2.) Don't assume judges know what you are talking about
Good documentation is made up of answers to the following questions: What did they do in the middle ages? What did they use in the middle ages? How did they make this in the middle ages? What did you do? What did you use? How did you make this? What are the differences between what was done in the middle ages and why do those differences exist. Sure, you may know everything there is to know about the citrus trade, hybridization, uses and propagation in the middle ages, but your judges may not be so conversant with it. Supply the answers to the questions that the rubric asks and make sure you provide the info the judges need.
3.) Don't assume judges are mean or terrible people
Judges are just folk. They may have some special knowledge and insights, but to be honest they are just people. They probably want more coffee, find the chairs uncomfortable, wish they could be out in the sun and probably like candy. They are likely not terrible people. Be helpful by making sure that the information you provide is easy to navigate and well laid out, that your piece is appropriately and neatly displayed, and that you have done you best to secure a good score with your skills and documentation.
4.) Stay and listen to your critique
Unless you are unable to attend the competition or have a medical condition that prevents you, be strong enough to stick around and listen to your judges.
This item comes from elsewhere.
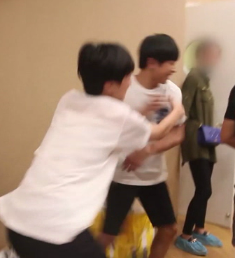 Lúc này em út nghịch đại cưa, sau đó bỏ chạy, bị đại cưa chạy theo tính bắt về, thay vì nói là bắt, không bằng nói là ôm, nhìn hành động của Tiểu Khải xem, rất rõ ràng là động tác muốn ôm em vào ngực, hơn nữa làm rất nhuần nhuyễn rất thuận tay, nếu như không phải Dương Dương nhanh chóng né ra, đoán chừng liền bị đại cưa ôm vào lòng ròi.
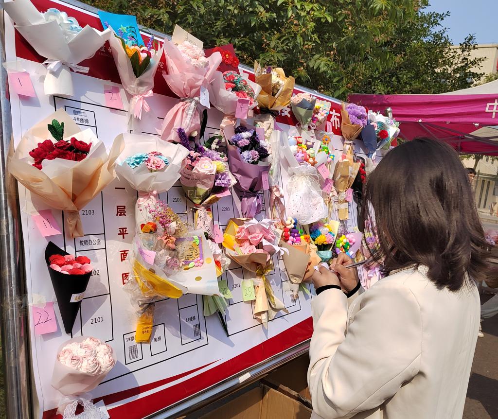 活动初期,388vip太阳集团社团部通过员工会官方QQ群对此次活动进行积极宣传,并提前做好线下收集手工作品、借帐篷、布置场地等相关准备。3月6日上午9时,社团部在东华校区食堂十字路口的摆点展示了征集到的手工作品。现场布满了新颖精致的手工花束,吸引了众多学子驻足欣赏,并为自己喜欢的作品投票,场面热闹非凡。3月7日-3月8日,388vip太阳集团员工会干部代表师范学子将精美的手工花束赠送给公司女教师,并表达了节日祝福。

You'll likely make some new contacts in your field of art and will have the opportunity to pick the brains of experienced judges and artisans. Take notes on what they say and suggest and you won't have to try to decipher bad handwriting on a cramped judging form later.
5.) Be positive
Go into the A&S competition with the expectations that you will receive honest critique on your work and documentation and suggestions for improvement. If you take a positive attitude in with you then you will likely have a positive experience. If you are certain that the experience will be terrible and awful, your prophecy will likely fulfill itself.
6.) Don't be a dick
For judges, Art/Sci can be a remarkably positive experience or it can be a soul-sucking drain that makes them want to flee from the very word 'competition' and throw their red pen and themselves in the nearest murky body of water. Don't be that entrant who freaks out, sobs uncontrollably, shouts strong language or makes snarky comments that get overheard by the judge. No one needs that crap and you'll just be the one who looks like an ass in the long run. Be a grown up. Accept your critique and take it in the spirit it was intended. If you have a problem with a judge, go talk politely to the A&S minister who can usually clear up the issue with little effort. Respect that the judges are volunteers giving up their time to provide critique and are missing their event to stay in the hall and judge.
Lastly, if you do miss a perfect score by just one point from one judge, just take a second to breathe. Go to that judge and politely ask them what they would recommend you do to improve that deduction. If they are obviously just being a jerk and claim to "never give perfect scores on principle", then brush off their commentary and go hang out with your friends. You're awesome.